Hezbollah supports, in principle, the destruction of the state of Israel.[42][43][44] Secretary-General Nasrallah’s official stance is that “Israel is an illegal usurper entity, which is based on falsehood, massacres, and illusions, and there is no chance for its survival.”[45] The Age quotes him like so: "There is no solution to the conflict in this region except with the disappearance of Israel."[46]

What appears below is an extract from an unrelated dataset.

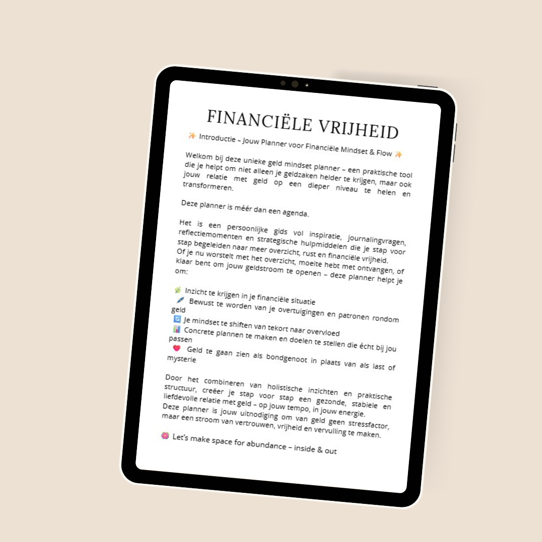 Deze planner is niet zomaar een invulboekje, maar alles wat je nodig hebt om je geldrelatie te verdiepen en te transformeren – overzichtelijk in één document.

Nasrallah has a history of making anti-Semitic statements (most infamously “if they [Jews] all gather in Israel, it will save us the trouble of going after them worldwide”[47]), but an anonymous page on Hezbollah's website marks a distinction between "Zionist ideology" and Judaism. It sees the rejection of Zionism as an attitude hold across "races, religions, and nationalities". It likens Zionism to "the concept of creating 'Israel' by the use of force and violence, by stealing the Arabs’ lands and killing Palestinians". "[O]pposing the Zionists ideology is not opposing setting a home for Jews".[48]

Notably, despite the rhetoric, Hezbollah appears to have neither the intention nor the capacity to invade Israel. Nasrallah stated that "at the end of the road no one can go to war on behalf of the Palestinians, even if that one is not in agreement with what the Palestinians agreed on." [49] When asked whether he was prepared to live with a two-state settlement between Israel and Palestine, Nasrallah said he would not sabotage what is a Palestinian matter. [50] He also clarified that outside of Lebanon, Hezbollah will act only in a defensive manner towards Israeli forces, and that Hezbollah's missiles were acquired to deter attacks on Lebanon."[51]